For those involved in superconducting spintronics, it is like being back in the mid-19th century when researchers had discovered electricity but had not yet invented the light bulb.

For those involved in superconducting spintronics, it is like being back in the mid-19th century when researchers had discovered electricity but had not yet invented the light bulb. What we now need is a device that can exploit our exotic Cooper pairs.

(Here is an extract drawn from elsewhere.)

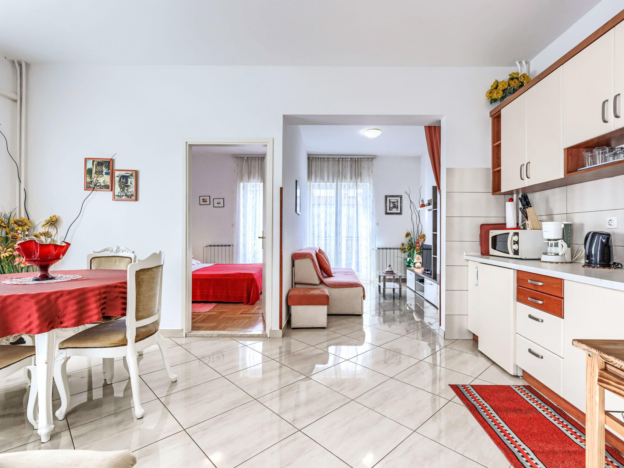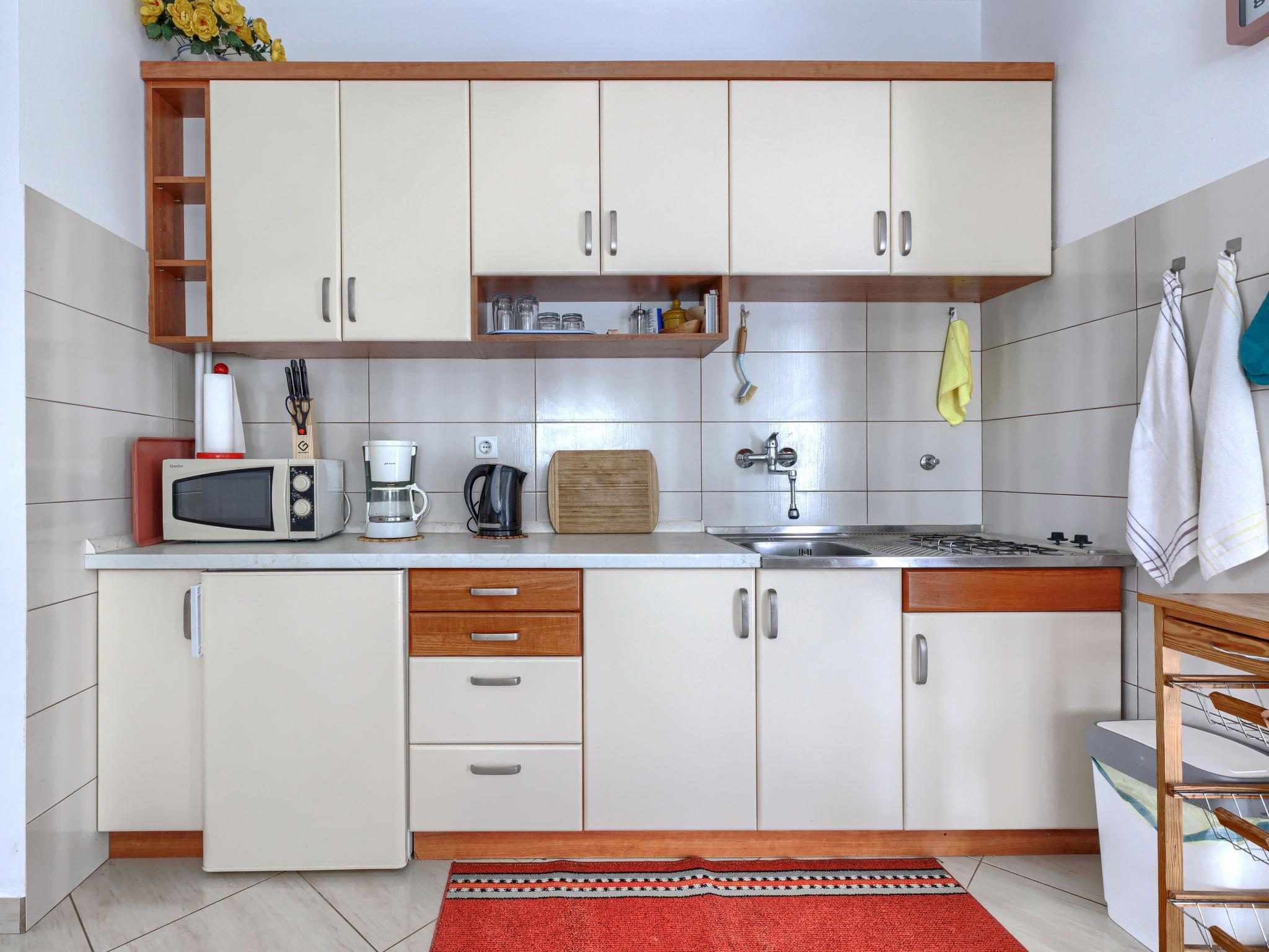3-room apartment 70 m2, on the upper ground floor. Cosy furnishings: living/dining room with satellite TV and air conditioning. Exit to the terrace. 1 room with 1 french bed (160 cm, length 200 cm). Exit to the terrace. 1 room with 1 french bed (180 cm, length 200 cm). Exit to the terrace. Open kitchen (2 gas rings, toaster, kettle, microwave, freezer, electric coffee machine). Bath/WC. Electric heating. Terrace 5 m2, roofed terrace 3 m2. Terrace furniture. Facilities: hair dryer. Internet (WiFi, free). Please note: maximum 1 pet/ dog allowed. Private entrance.

One possibility would be to build a superconducting version of a “spin transfer torque” (STT) device – a conventional spintronics component in which the magnetization of a ferromagnet can be flipped using a spin-polarized current.

Such devices are already being used for STT magnetic random-access memory (STT-MRAM) chips. They are not only cheaper, use less energy and can store more information than conventional memory chips, but also let us precisely switch the magnet of one device without disrupting the magnetic alignment of nearby devices, which is always a danger when you switch a magnet using an external magnetic field.

In the spintronics version of STT, we could switch the magnetization of a nanomagnet by transferring spin angular momentum from the spin-polarized current. Building an STT device that uses superconducting spin-polarized currents might not be easy, but it would massively improve the energy efficiency of such devices. While it is hard to predict how information technology will evolve, I envisage today’s supercomputers, which exploit only the charge of the electron, one day becoming obsolete – replaced by a new generation of superconducting spintronics supercomputers. Green supercomputers will then have finally arrived.